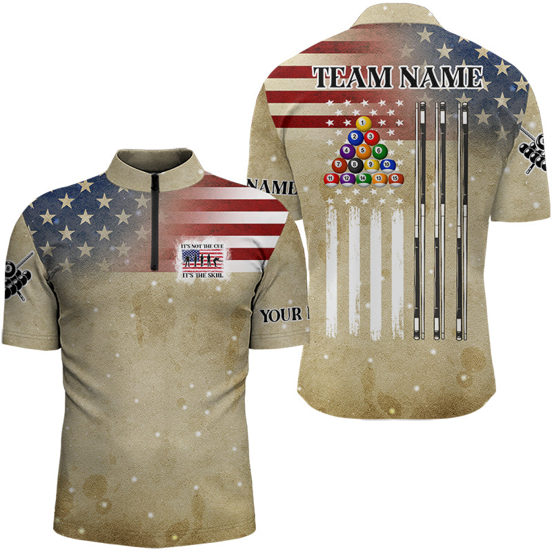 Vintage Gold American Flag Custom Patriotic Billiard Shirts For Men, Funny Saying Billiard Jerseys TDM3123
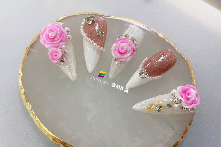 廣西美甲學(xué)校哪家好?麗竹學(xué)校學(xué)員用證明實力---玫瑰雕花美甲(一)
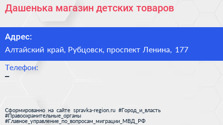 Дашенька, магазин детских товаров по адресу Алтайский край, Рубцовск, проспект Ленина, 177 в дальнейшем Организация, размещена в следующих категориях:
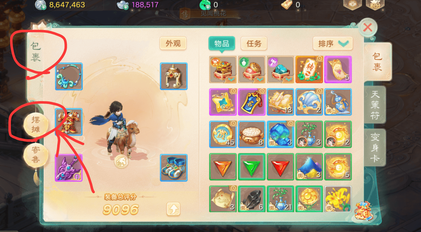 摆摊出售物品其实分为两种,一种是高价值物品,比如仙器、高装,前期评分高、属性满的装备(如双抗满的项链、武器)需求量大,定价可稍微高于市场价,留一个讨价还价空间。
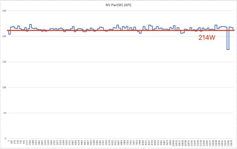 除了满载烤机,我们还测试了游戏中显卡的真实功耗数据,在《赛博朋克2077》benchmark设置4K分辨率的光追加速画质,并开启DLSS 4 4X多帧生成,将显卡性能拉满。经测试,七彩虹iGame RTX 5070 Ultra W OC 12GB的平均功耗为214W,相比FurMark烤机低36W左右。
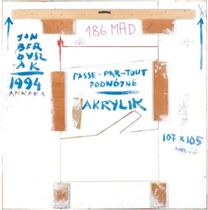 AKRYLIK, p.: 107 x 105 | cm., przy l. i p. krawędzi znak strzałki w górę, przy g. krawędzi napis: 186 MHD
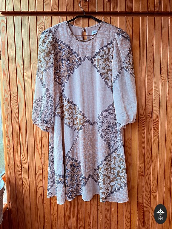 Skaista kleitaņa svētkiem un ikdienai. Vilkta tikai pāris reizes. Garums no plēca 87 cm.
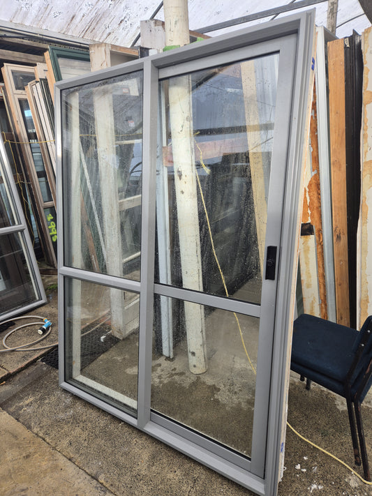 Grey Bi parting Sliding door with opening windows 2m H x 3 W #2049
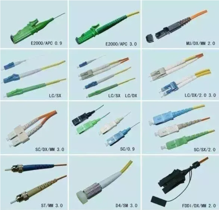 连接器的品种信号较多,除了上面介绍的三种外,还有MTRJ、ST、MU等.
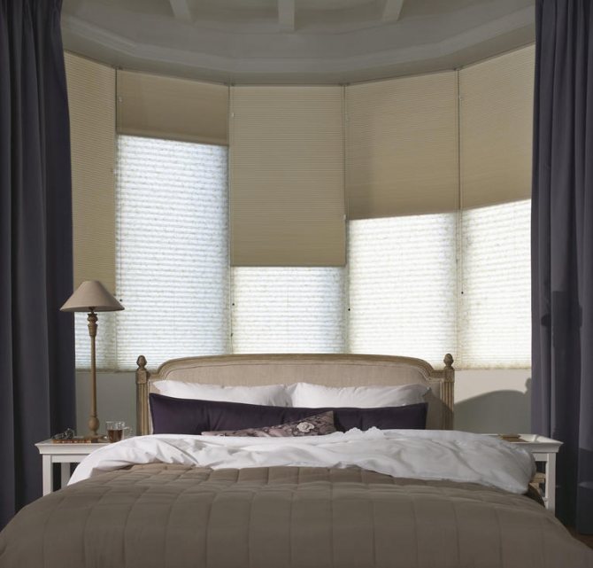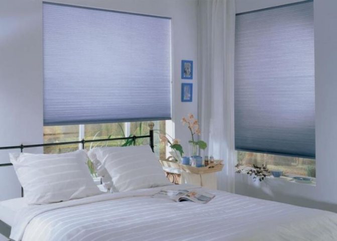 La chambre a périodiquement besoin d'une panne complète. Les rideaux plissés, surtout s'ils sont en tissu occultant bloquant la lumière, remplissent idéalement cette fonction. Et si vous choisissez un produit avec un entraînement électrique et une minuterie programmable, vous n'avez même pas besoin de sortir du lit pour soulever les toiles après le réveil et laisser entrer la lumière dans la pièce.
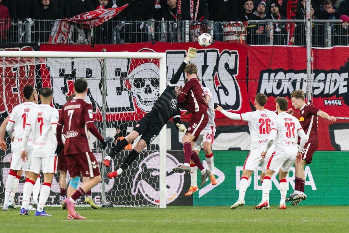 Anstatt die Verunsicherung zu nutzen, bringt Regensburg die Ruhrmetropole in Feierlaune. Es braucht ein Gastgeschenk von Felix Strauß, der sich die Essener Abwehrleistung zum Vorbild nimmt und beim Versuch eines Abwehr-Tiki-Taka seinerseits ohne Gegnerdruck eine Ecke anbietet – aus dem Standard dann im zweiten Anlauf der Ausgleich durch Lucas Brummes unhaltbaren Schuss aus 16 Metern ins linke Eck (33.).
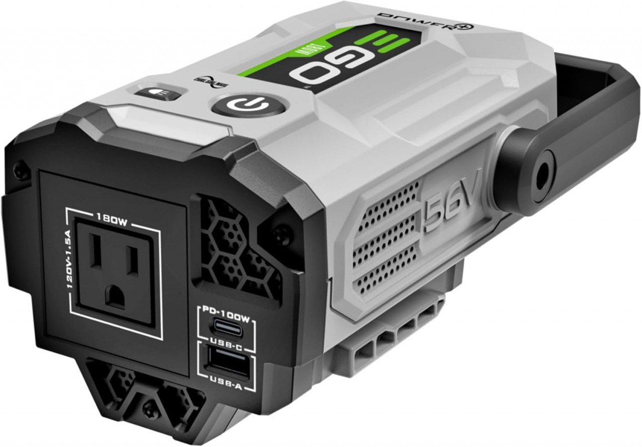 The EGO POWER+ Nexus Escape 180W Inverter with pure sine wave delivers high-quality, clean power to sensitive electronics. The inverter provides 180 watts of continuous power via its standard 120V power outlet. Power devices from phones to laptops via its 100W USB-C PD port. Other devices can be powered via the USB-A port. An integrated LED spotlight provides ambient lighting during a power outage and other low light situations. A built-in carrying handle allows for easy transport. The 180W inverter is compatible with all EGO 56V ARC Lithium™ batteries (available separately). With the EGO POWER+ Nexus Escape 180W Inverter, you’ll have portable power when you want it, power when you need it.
****
* [BRIEF]
Return every record exactly, leaving out the pictures.

* [TASK SOLUTION]
 Vintage Gold American Flag Custom Patriotic Billiard Shirts For Men, Funny Saying Billiard Jerseys TDM3123
 廣西美甲學(xué)校哪家好?麗竹學(xué)校學(xué)員用證明實力---玫瑰雕花美甲(一)
 Дашенька, магазин детских товаров по адресу Алтайский край, Рубцовск, проспект Ленина, 177 в дальнейшем Организация, размещена в следующих категориях:
 摆摊出售物品其实分为两种,一种是高价值物品,比如仙器、高装,前期评分高、属性满的装备(如双抗满的项链、武器)需求量大,定价可稍微高于市场价,留一个讨价还价空间。
 除了满载烤机,我们还测试了游戏中显卡的真实功耗数据,在《赛博朋克2077》benchmark设置4K分辨率的光追加速画质,并开启DLSS 4 4X多帧生成,将显卡性能拉满。经测试,七彩虹iGame RTX 5070 Ultra W OC 12GB的平均功耗为214W,相比FurMark烤机低36W左右。
 AKRYLIK, p.: 107 x 105 | cm., przy l. i p. krawędzi znak strzałki w górę, przy g. krawędzi napis: 186 MHD
 Skaista kleitaņa svētkiem un ikdienai. Vilkta tikai pāris reizes. Garums no plēca 87 cm.
 Grey Bi parting Sliding door with opening windows 2m H x 3 W #2049
 连接器的品种信号较多,除了上面介绍的三种外,还有MTRJ、ST、MU等.
 La chambre a périodiquement besoin d'une panne complète. Les rideaux plissés, surtout s'ils sont en tissu occultant bloquant la lumière, remplissent idéalement cette fonction. Et si vous choisissez un produit avec un entraînement électrique et une minuterie programmable, vous n'avez même pas besoin de sortir du lit pour soulever les toiles après le réveil et laisser entrer la lumière dans la pièce.
 Anstatt die Verunsicherung zu nutzen, bringt Regensburg die Ruhrmetropole in Feierlaune. Es braucht ein Gastgeschenk von Felix Strauß, der sich die Essener Abwehrleistung zum Vorbild nimmt und beim Versuch eines Abwehr-Tiki-Taka seinerseits ohne Gegnerdruck eine Ecke anbietet – aus dem Standard dann im zweiten Anlauf der Ausgleich durch Lucas Brummes unhaltbaren Schuss aus 16 Metern ins linke Eck (33.).
 The EGO POWER+ Nexus Escape 180W Inverter with pure sine wave delivers high-quality, clean power to sensitive electronics. The inverter provides 180 watts of continuous power via its standard 120V power outlet. Power devices from phones to laptops via its 100W USB-C PD port. Other devices can be powered via the USB-A port. An integrated LED spotlight provides ambient lighting during a power outage and other low light situations. A built-in carrying handle allows for easy transport. The 180W inverter is compatible with all EGO 56V ARC Lithium™ batteries (available separately). With the EGO POWER+ Nexus Escape 180W Inverter, you’ll have portable power when you want it, power when you need it.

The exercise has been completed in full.